I'm glad you mentioned the current climate. Because here's the reason why any government, not just this current circus would balk at the idea of rubber stamping an inflation busting pay rise.
Let's just say that it does happen, what impact will that have on the rest of the publicly funded workforce. Rail workers get lets say 11%, but the public sector as a whole is offered 2%-3%. Of course this will cause widespread anger, and likely trigger more industrial action. So the government relents and gives the entire public sector 11% as well. But they've got to fund it somehow, after this will be an unprecedented that's going to hit budgets hard. Therefore the options would be:
- Tax rises from the 2023/24 fiscal year. Given that this will roll dangerously close to the next general election, its an unlikely option to be taken.
- Cutbacks in public services. Again given the looming GE, it would be a brave cabinet to announce cutbacks to fund pay rises, and of course realistically would be counterproductive. There's no point giving huge pay rises only to then cut back on the workforce & be even less able to deliver services.
- Quantitive Easing. This might seem like the easy option, just shake the magic money tree again and the problem goes away. Well sadly it doesn't, yes its been shaken many times over the last couple of years, but we are going to have to pay for that one way or another. The value of the pound is shrinking against the dollar, meaning that commodities bought in the American currency are going to be more expensive, and a lot of key ones are. I can't imagine printing more cash is going to help that one bit.
But let's just imagine one of these options are taken and its 11% pay rises are all around. What impact will that have on private sector workers? Of course they are going to start asking why they are not getting the same. Cue even more unrest and industrial action. And where employers cave in and award these rates, who do you suppose will pay for it? That's right, the customers. So prices rise even more, potentially triggering even higher rates of inflation, meaning even more claims for higher pay awards in the future, leading to even more cost. Suddenly we could find ourselves in a loop of hyper-inflation, constantly having to revalue of currency to the point where we will need a wheelbarrow full of notes just to buy a loaf of bread with cash (OK that might be the extreme conclusion, but you should hopefully get my point).

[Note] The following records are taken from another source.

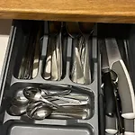 - ❓Bietet das Apartment seinen Gästen eine Küche?Ja, das Apartment ist mit einer kompletten Küche ausgestattet und bietet außerdem einen Wasserkocher, einen Kühlschrank und Küchenutensilien.
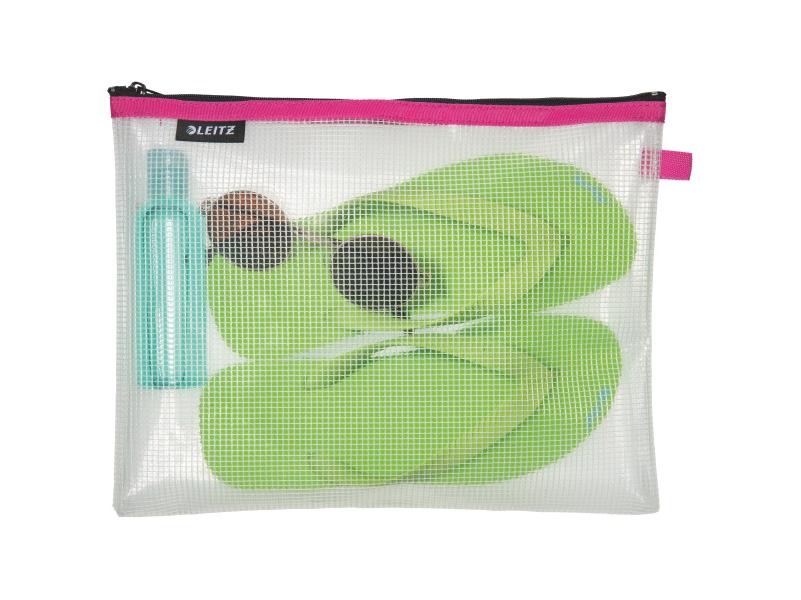 A Leitz Wow vízálló L-es rózsaszín utazótasak leírása: Kiváló minőségű tasak dokumentumok rendszerezéséhez és védelméhez utazások során, illetve egyéb személyes tárgyak - pl. úszó- és strandfelszerelés vagy alsónemű tárolásához.
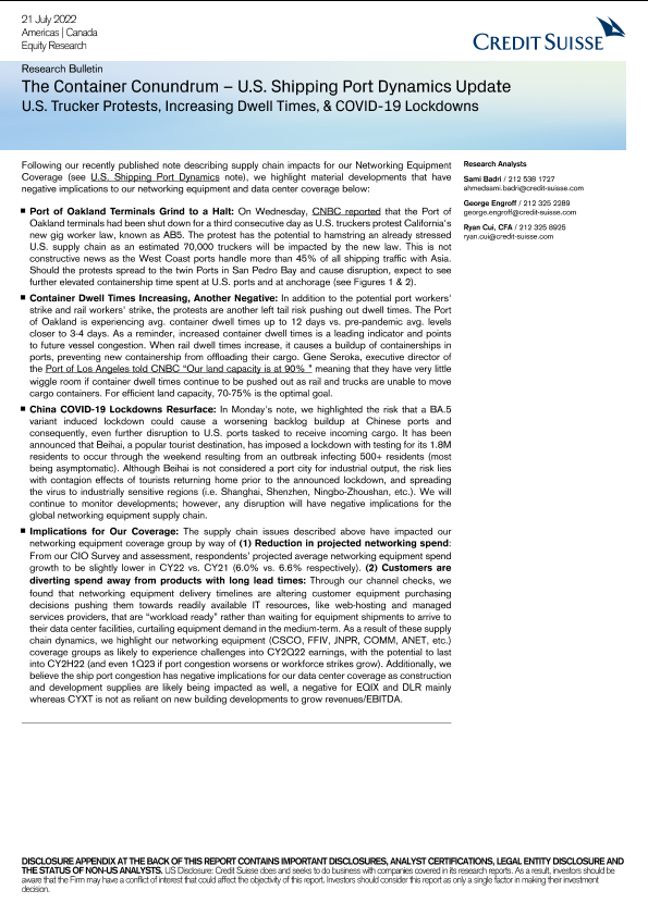 【Credit Suisse】【20220721】CS-The Container Conundrum – U.S. Shipping Port Dynamics Update-8页

Is situation fair on ordinary folk? No, of course it isn't. I'm sure we would all love a big pay rise to get us through, but it simply isn't going to happen because we as a country can't afford it. Sure some areas might get much more than others, but I would bet that those areas that get the cash today will be facing big cutbacks tomorrow. What we actually need is for a competent government to tackle the root cause of the problem, inflation. Then more modest, and much more affordable pay rises would still see us improve our lot.